The arrest of a Melbourne man accused of deliberately transmitting HIV has generated national headlines and prompted accusations of mishandling of the case by Victorian public health authorities.
Michael Neal, a 48-year-old Coburg man, has been remanded in custody and faces more than 35 charges, including knowingly infecting another man with HIV, and attempting to infect several others. The charges relate to offences allegedly committed between 2000 and 2006.
He had been the subject of four public health control orders since 2004, requiring him to have only safe sex and stay away from certain locations, but police allege that he ignored these orders, continuing to have unprotected sex and visiting beats, sex-on-premises venues and dance parties, and boasting about the number of people he had infected with HIV.
Following the arrest, Victoria Police made an unprecedented appeal to members of the Melbourne gay community to come forward with additional information relating to the case. A further 11 complainants have since come forward, and police now say that further charges are likely to be laid.
But the Victorian Department of Human Services (DHS) also drew criticism over its handling of the case when it was revealed that the department had been aware of Neal’s activities since 2001, but had not notified police.
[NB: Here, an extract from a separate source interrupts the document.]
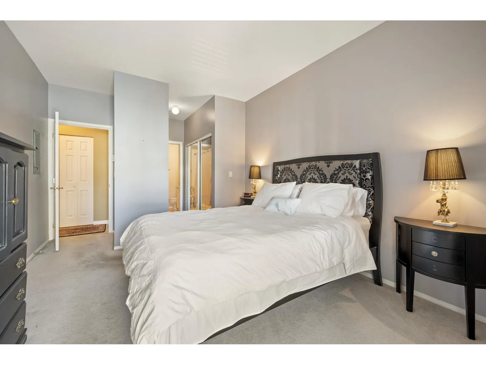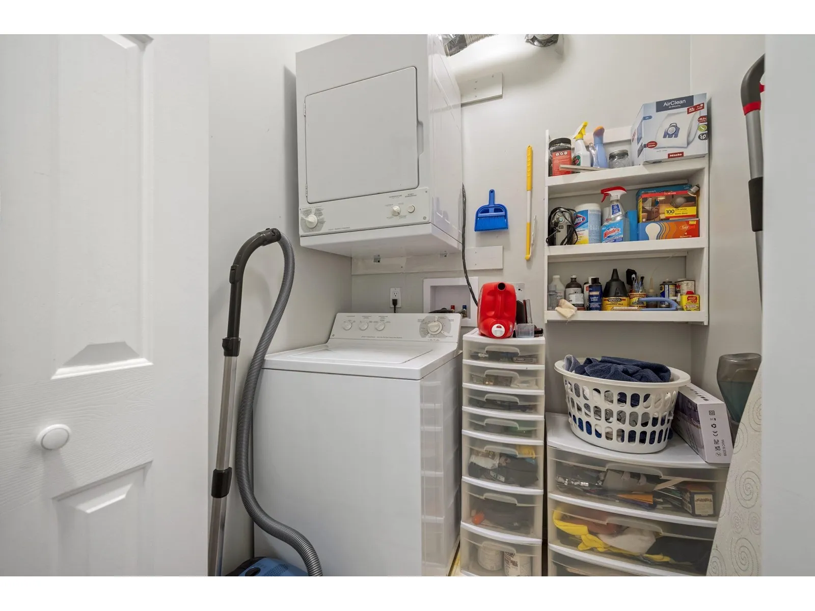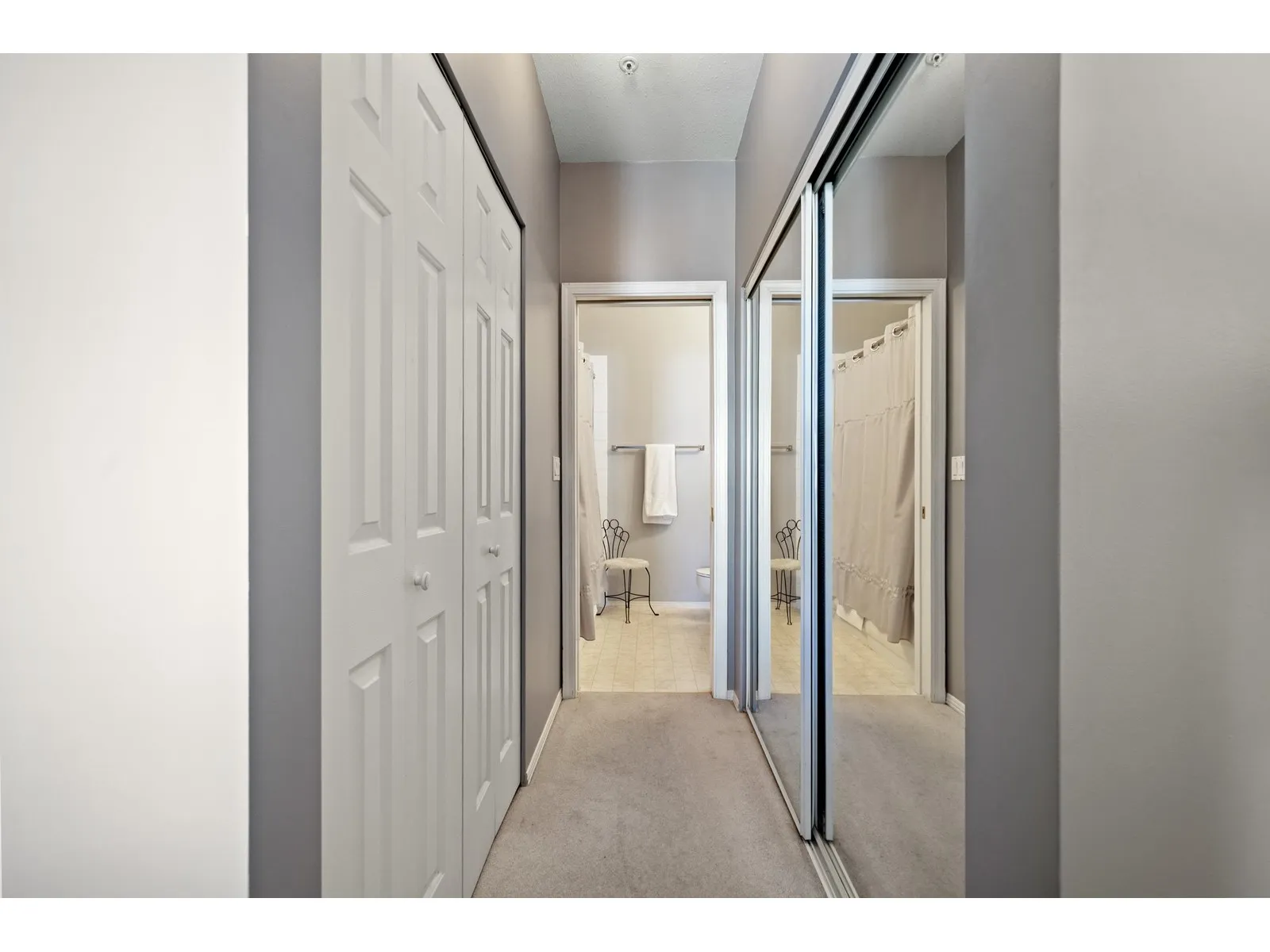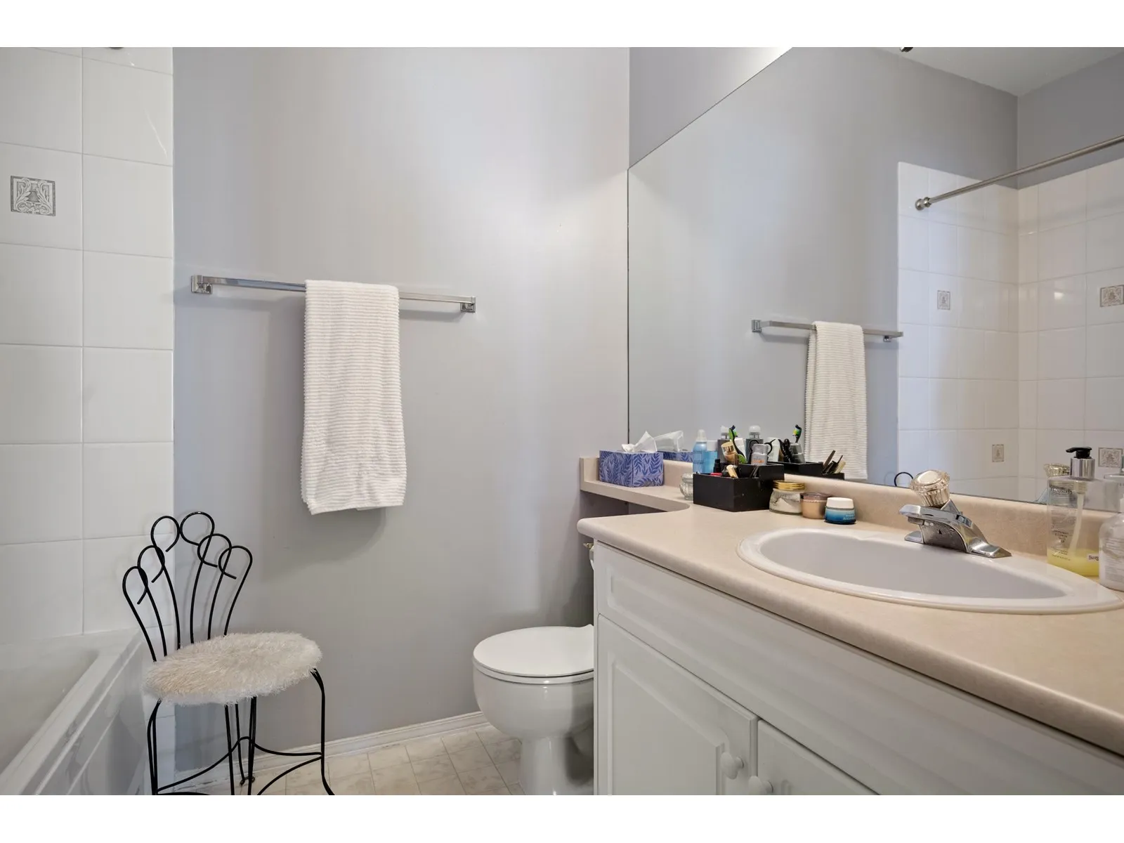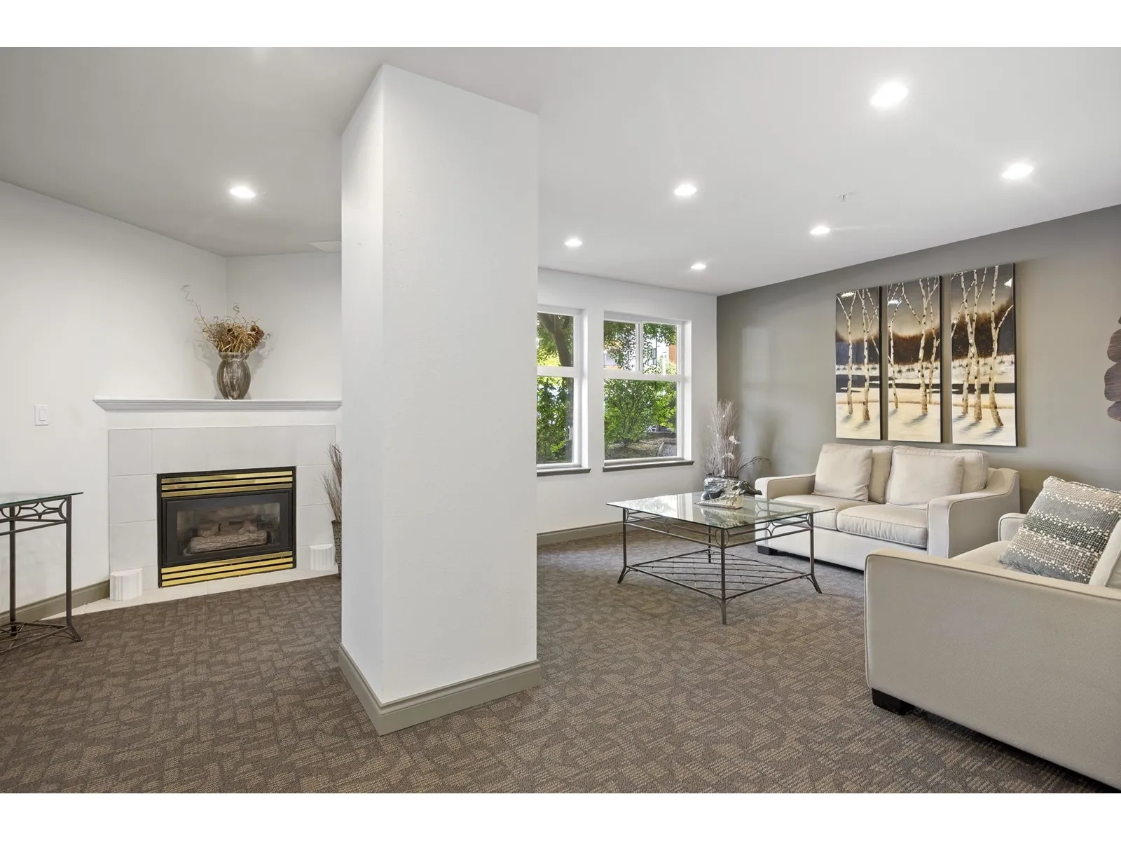 WELCOME HOME to this open floorplan with 9' ceilings! Your 2-bed, 2-bath home is a TOP FLOOR unit featuring laminate flooring, newer stainless steel appliances and beautiful quartz counters in the kitchen which overlooks the dining/living room. Cozy up in front of your gas fireplace or sip coffee from the deck off your living room. This home has a larger primary bedroom, a spacious laundry room, lots of storage and amenities that will wow you! Swimming pool and hot tub, guest suites, workshop, bike storage room, a clubhouse with kitchen, a gym and more. 1 dog permitted. Call today and make this your new home! (id:27476)

While the department is not legally obliged to refer such matters to the police, the seriousness of the alleged offences, and the fact that the man had been subject to multiple control orders, drew calls for tighter rules on reporting of unsafe sexual behaviour.
These calls have been rejected by community representatives, who argue that mandatory reporting of unsafe sexual behaviour would likely have a negative effect on public health, because it would discourage testing and treatment and would weaken doctor-patient confidentiality.
There have also been suggestions that the state government could face legal action by the man’s alleged victims, if it could be shown that the DHS failed to take reasonable action to curb his activities or warn others of them. Victorian public health laws already allow the forced detention of people who spread HIV, and questions have been raised about whether the DHS should have made use of those provisions in this case.